Different letters represent significant differences among different naphthalene exposure conditions within each exposure day for a particular parameter at p < 0.05 (one-way ANOVA)

Low-density lipoprotein (LDL) and high-density lipoprotein (HDL) are Trig/CHOLES-rich lipoproteins; therefore, their concentrations are dependent on Trig/CHOLES fraction.48 In this study, LDL and HDL levels showed significant gradual increase in a time-dependent manner under naphthalene exposure compared with the control condition (Tables 3 and S2).

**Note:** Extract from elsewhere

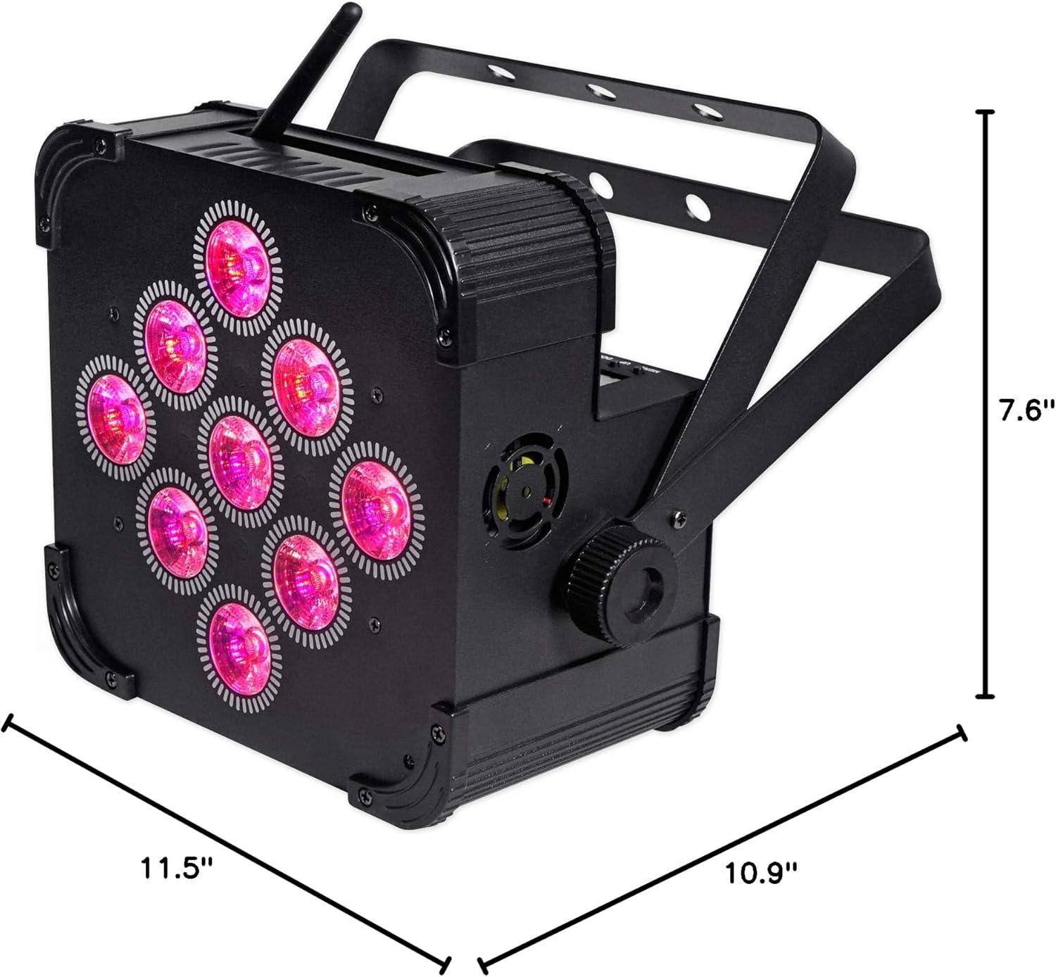 Built in rechargeable battery allows you to use the lights without plugging them in making your setup 100% wireless. Light Source: 9 LEDs / 6 Watts each LED. Each LED is a 6-in-1 RGBWA+UV (RED, GREEN, BLUE, WHITE, AMBER + ULTRA VIOLET). DMX control: 6 or 10 channels. DMX input and output (3 pin). 50,000 hours life expectancy. IRC wireless remote control included. Super bright: 4350 lux @1m (way brighter than others on the market)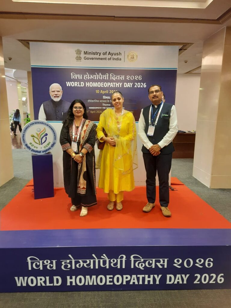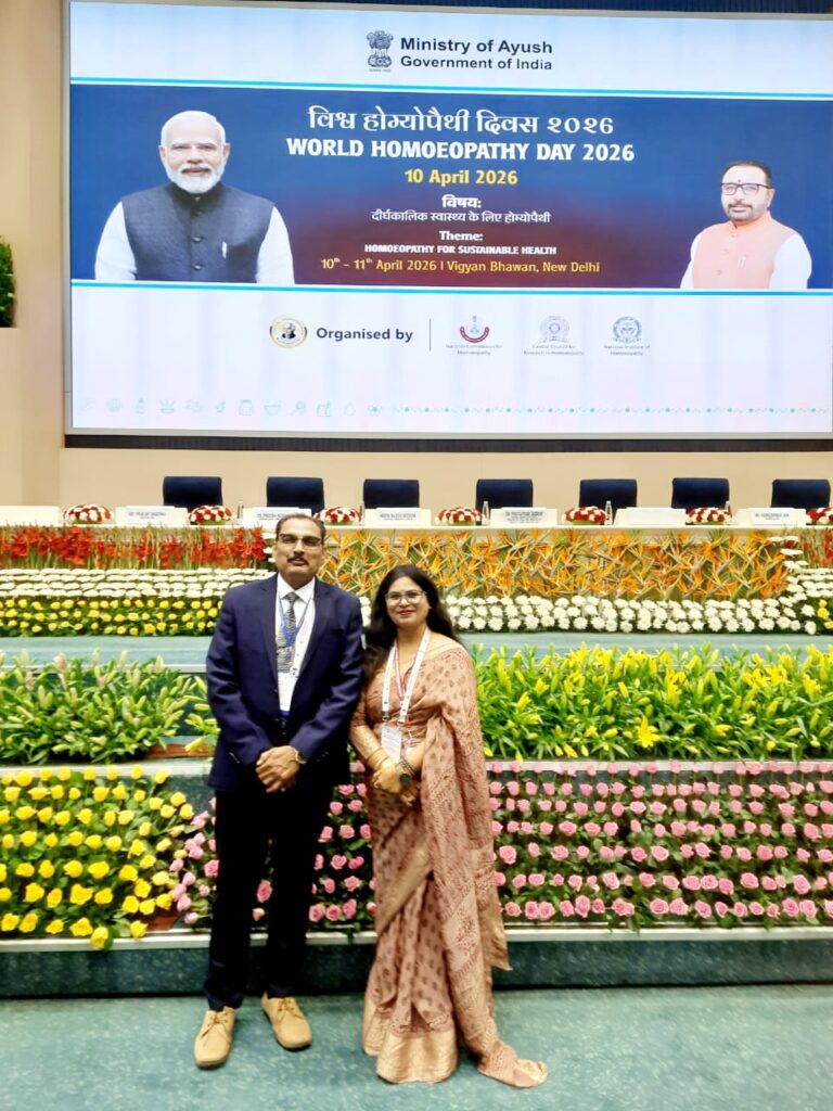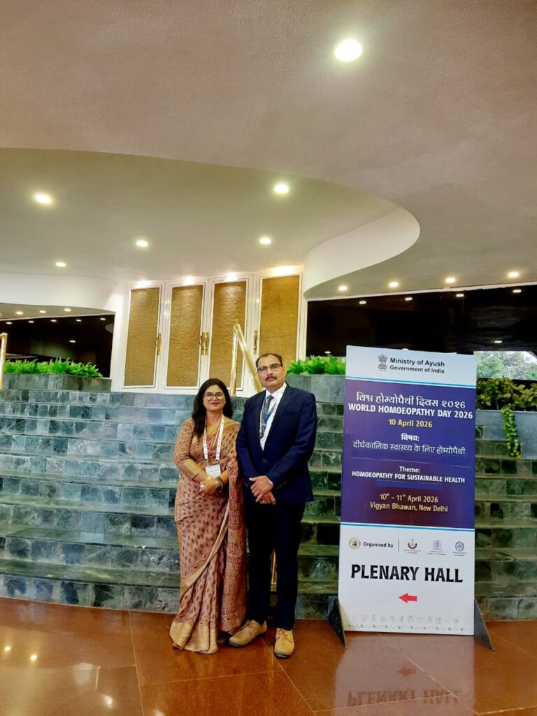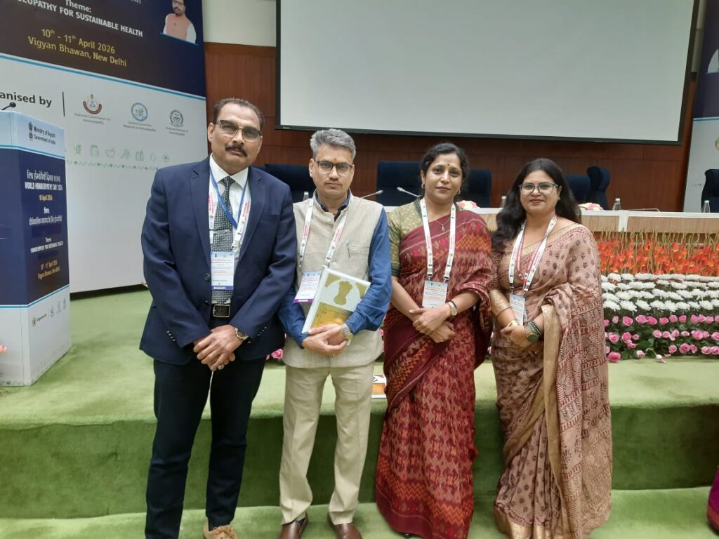 Senior Professors Dr. Sandeep Sharma, HOD Department of Homoeopathic Pharmacy & Dr. Neelam Sharma, HOD Department of Homoeopathic Materia Medica represented the Institute in grand celebration of World Homoeopathic Day to commemorate 271st Birth Anniversary of founder of Homoeopathy Dr. Samuel Hahnemann jointly organized by NCH, New Delhi, CCRH, New Delhi & NIH Kolkata & Delhi Satellite Branch on 10th & 11th April 2026 at Vigyan Bhawan, New Delhi.

Higher naphthalene dose, that is, T2, displayed higher LDL and HDL levels. Increasing patterns of LDL and HDL levels were also observed in a time-dependent manner in A. testudineus under anthracene exposure.50 Additionally, Kojima et al.(51) corroborated higher LDL with changes in hepatic enzyme gene expression such as hydroxyl-methylglutaryl-CoA reductase, which suppresses the expression of LDL-receptor gene. However, during short-term exposure, the LDL (1 d) and HDL (1 and 5 d) levels were decreased significantly compared with the control value. Javed et al.(46) explained this reduced HDL during short-term exposure as due to abrupt development of lipid peroxidation since HDL scavenges CHOLES from the liver tissue. Therefore, decrease in the HDL level in the present study could be corroborated with increased CHOLES contents.52 Contrarily, higher HDL level in this study during long-term exposure could be explained by higher CHOLES level as HDL played a vital role in transporting either reserve CHOLES or excess CHOLES from nonhepatic cells to the liver through the blood.53 On the other hand, decrease in the LDL level during short-term naphthalene exposure in the present study could be corroborated with increased Trig contents. As time proceeds, that is, during long-term naphthalene exposure, the LDL level increased gradually, which could be correlated with a decrease in the Trig level. Therefore, it can be concluded that the LDL level is indirectly proportional to the Trig fraction, while the HDL level is directly proportional to the CHOLES fraction.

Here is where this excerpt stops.